Because different regions of the same country may experience different health situations, travel restriction measures have been put in place in many territories. These measures are intended to limit the circulation of the virus throughout the national territory, and to isolate the clusters as much as possible. In the midst of the pandemic, connections between the various Canary Islands have been mostly suspended. Today, they have been restored, and daily trips by plane or boat make it easy to connect one island to another.
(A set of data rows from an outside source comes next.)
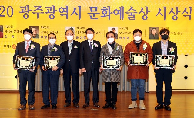[광주=정찬남 기자] 광주광역시는 17일 치평동 라붐웨딩홀에서 ‘2020년 문화예술상 시상식’을 열고 문학, 미술 등 5개 부문에 선정된 5명에게 상패를 수여했다.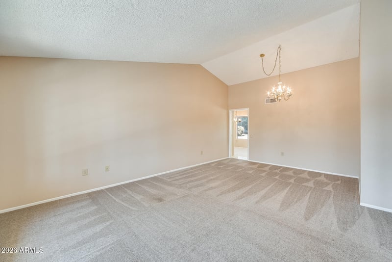 The primary bedroom is generously sized and features vaulted ceilings, soft natural lighting, and ample space for a full bedroom suite. The attached bathroom includes a walk-in shower and convenient layout designed for comfort and functionality.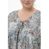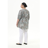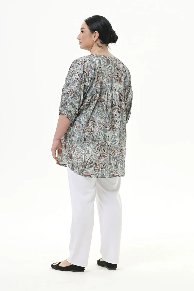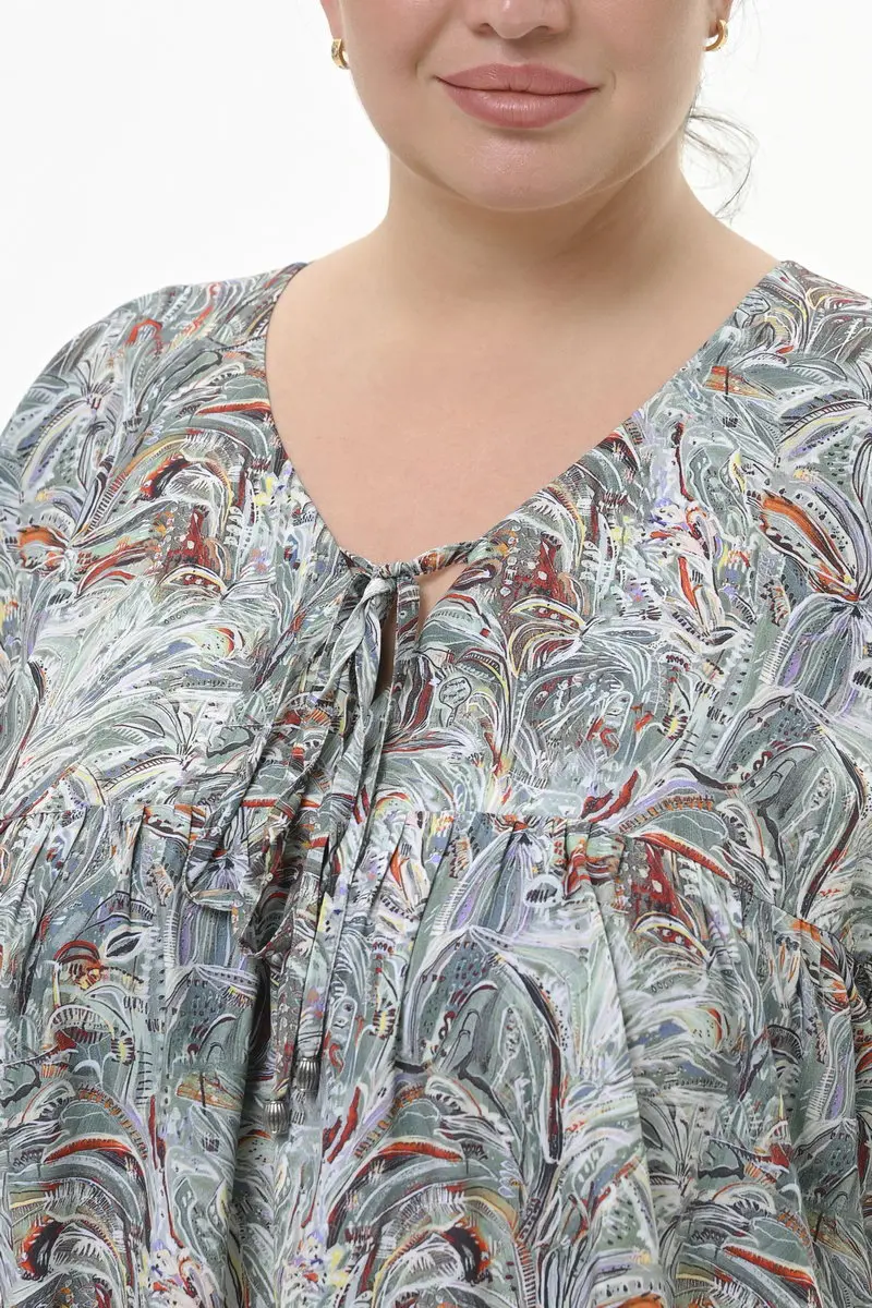 Свободная туника из принтованного штапеля с цельнокроенным рукавом. Верхняя часть на кокетке. Нижняя часть со сборкой по шву притачивания кокетки. Вырез горловины фигурный, завязывающийся на шнурочек из основной ткани.

Good news, especially since moving from island to island is one of the greatest attractions of the Canary Islands.

Some islands like Tenerife or Lanzarote are harder hit by the virus than others like Gran Canaria or Fuerteventura. This is the reason why the local authorities have decided to keep certain places closed. On Tenerife, La Graciosa and Lanzarote, bars and restaurants are limited to 4 people per table and close at 11 p.m. Sports facilities are open to groups of up to 4 people, markets are closed, and popular events and nighttime entertainment are cancelled. On the other islands of the archipelago, open-air markets remain open, public transport operates normally, and sports facilities are open to groups of up to 6 people.

At the height of the pandemic, some beaches were completely closed to the public in order to curb the spread of the virus. The latter are gradually opening again, to the delight of holidaymakers. On all the Canary Islands, the beaches remain open to the public, but security measures remain strict. Wearing a mask is compulsory to access the beach and move from one place to another, and each group is advised to leave a distance of four meters between them. In addition, some municipalities also plan to prohibit access to a beach when the latter is already very busy. On the beach, it is possible to remove your mask only when you are sitting or swimming.

All Spanish airports are open again, and the Canary Islands are no exception. For this winter, the airlines usually serving the Canary Islands should continue their services. In particular, it will be possible to take an Iberia, Ryanair, Easyjet, Vueling Airlines or Volotea plane. Air France has also reinforced its flight program to the Canary Islands. For inter-island journeys, the Canaryfly and Binter companies provide the usual air connections. However, care must be taken to comply with the health instructions throughout the plane journey, namely the wearing of a mask without interruption as well as the necessary social distancing.